On any given day, Dan Darling can be found writing for blocks of hours at a time.
The peaceful mornings let his mind run wild in creating his next chapter.

It’s also a process that has changed since becoming father.
“I used to write at night for a while,” he says. “The nighttime is quiet and allows for the imagination to run wild.”
The Albuquerque native is working on the second book in his magical realism-fantasy series – Albuquerque Trilogy.
The first novel is called “Archaeopteryx” and was released in November.
Darling has been hosting book signings and talks around Albuquerque and will be back for an event July 7 at Treasure House Books in Old Town. He now lives in Minnesota, where he teaches literature at Normandale Community College.
It took Darling six years to bring the books to life, though the story lived in his head for more than a decade. And readers will recognize many of the Albuquerque and New Mexico sites.
“It’s nice to get the (first) episode out there,” he quips.
“Archaeopteryx” is set in Albuquerque and elsewhere in New Mexico.
It follows John Stick, a zookeeper and giant, who wants to sit alone in a dark room with his pet tarantula.
However, when 10,000 birds fall dead from the sky in Bosque del Apache, the woman he loves, an ornithologist with severe facial deformity, begs him to decipher the cause. He grudgingly agrees, a decision that plunges him into a tangle of weirdness.

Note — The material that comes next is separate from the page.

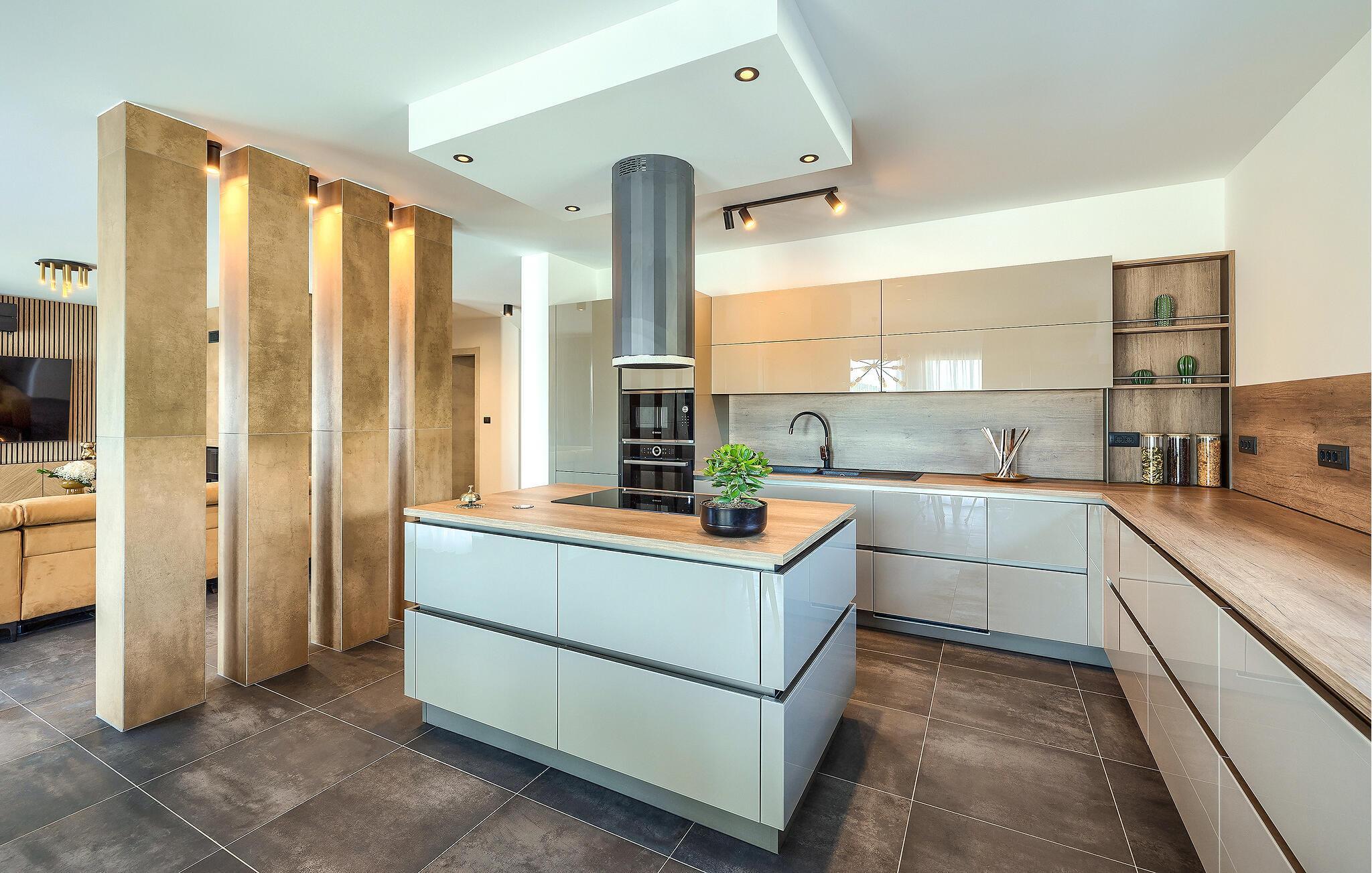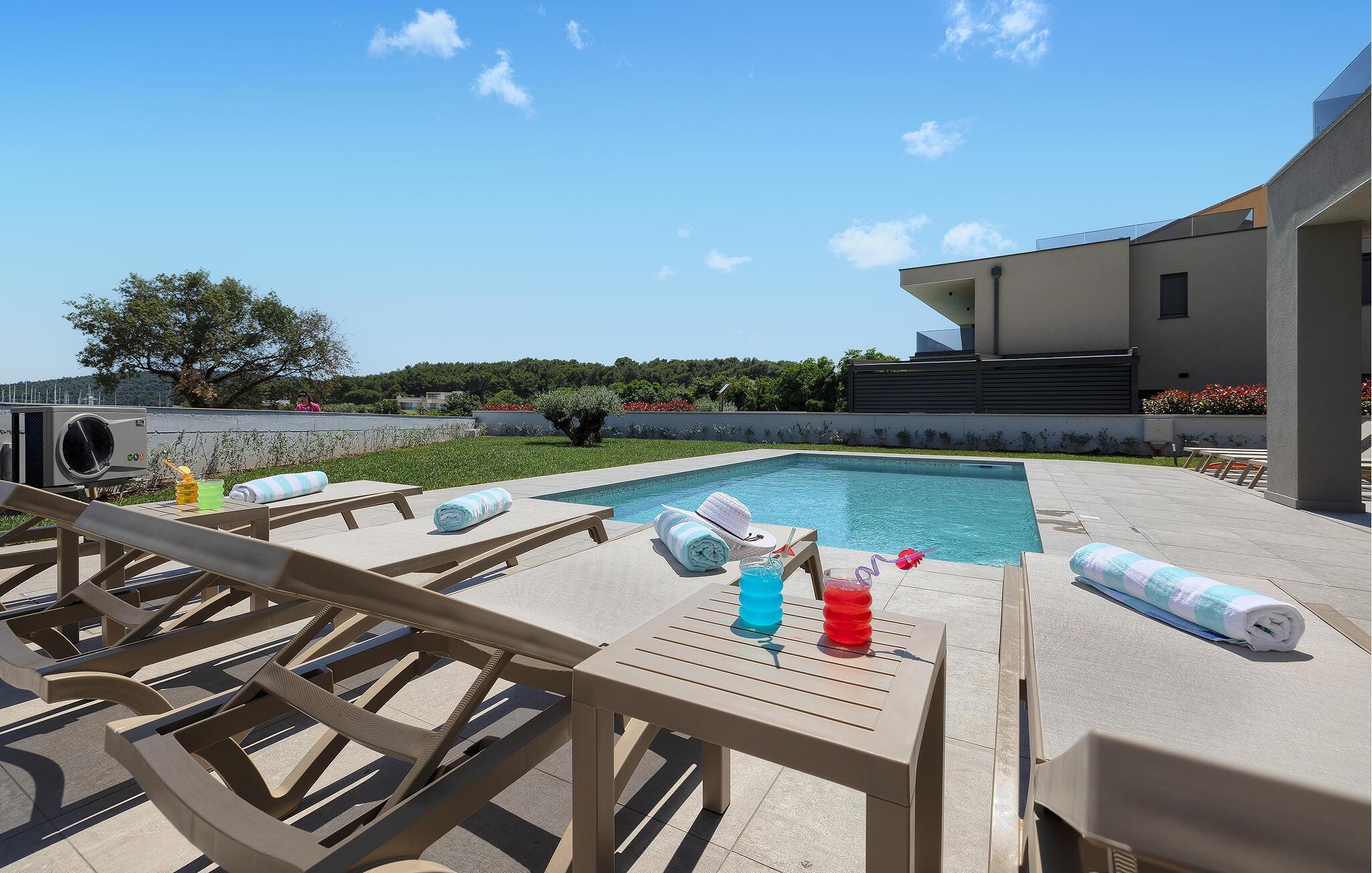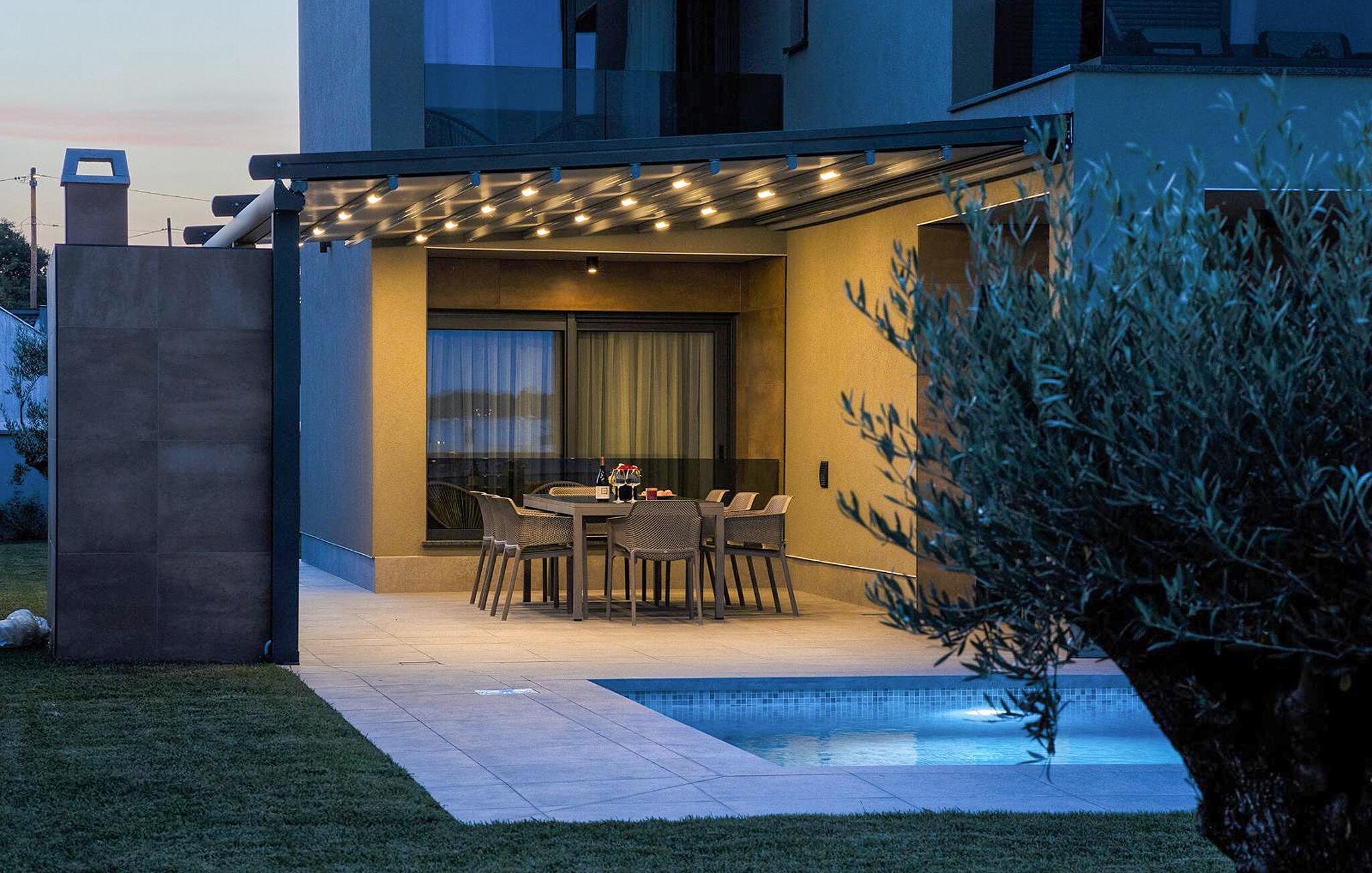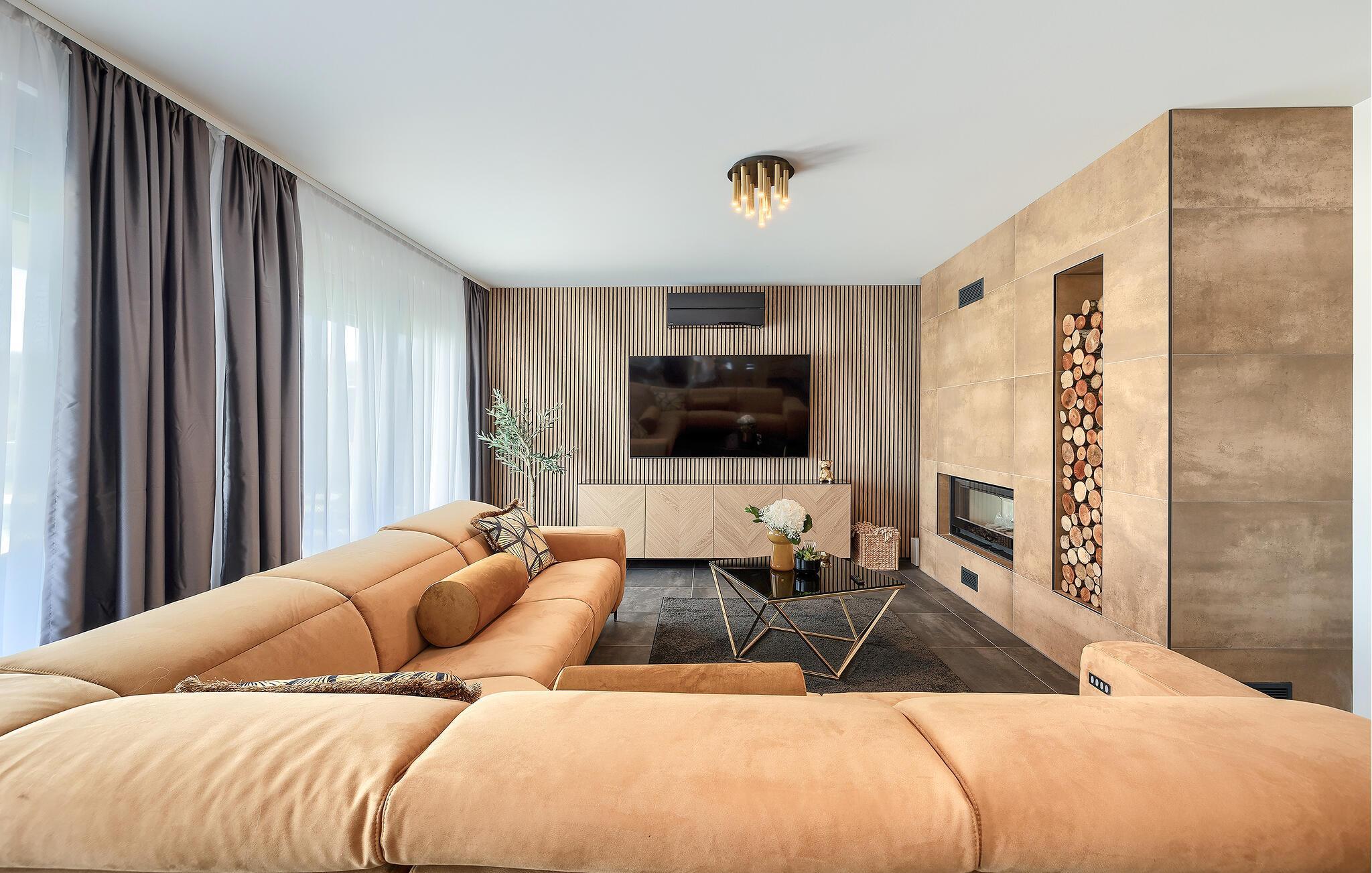 Brug det stilfulde udendørsområde til hyggelige timer i skyggen af den overdækkede lounge. Tilbered en lækker grillmiddag i det moderne udekøkken og nyd jeres måltider udendørs, mens skumringen bader omgivelserne i varme farver. Inde i villaen finder I en rummelig opholdsstue, der har en skøn elegant indretning og moderne design. Slå jer ned i den store, komfortable sofa og sæt en god film på eller slap af med et glas vin. Det åbne, fuldt udstyrede køkken giver jer alt, hvad I skal bruge for at tilberede kulinariske delikatesser med familien.

Stick’s investigation reveals that the birds’ mass death is an offshoot of a much larger conflict.
On one side, the Good Friends, an underground railroad for undocumented immigrants, wants Stick to oust the man they believe responsible for killing the birds and persecuting immigrants.
This same man leads the Minutemen Militia, which covets Stick’s expertise in handling their genetically mutated immigrant-tracking monsters.
At the center of it all lurks an enigmatic antagonist who, so they say, has harnessed the power of God in an ancient hot springs and is using it to herald doomsday.
“I wrote the story in the style of a hard-boil detective fiction,” he says. “The idea for the book started back in 2010 when 5,000 birds in Arkansas fell dead without explanation. I thought to myself, that’s the beginning of a novel. As a writer, I wanted to get at the deep emotions of fear and pity. I made myself write about things I was afraid of such as reptiles and blood.”
Now that the book is out, there’s a weight off of Darling’s shoulders.
While he’s not used to being the center of attention, he is taking it in stride.
“It was scary to release the book to the world,” he says. “It’s set in my hometown, and I wanted to do right by it. Having Burqueños react to it is amazing, because it does tackle many social issues.”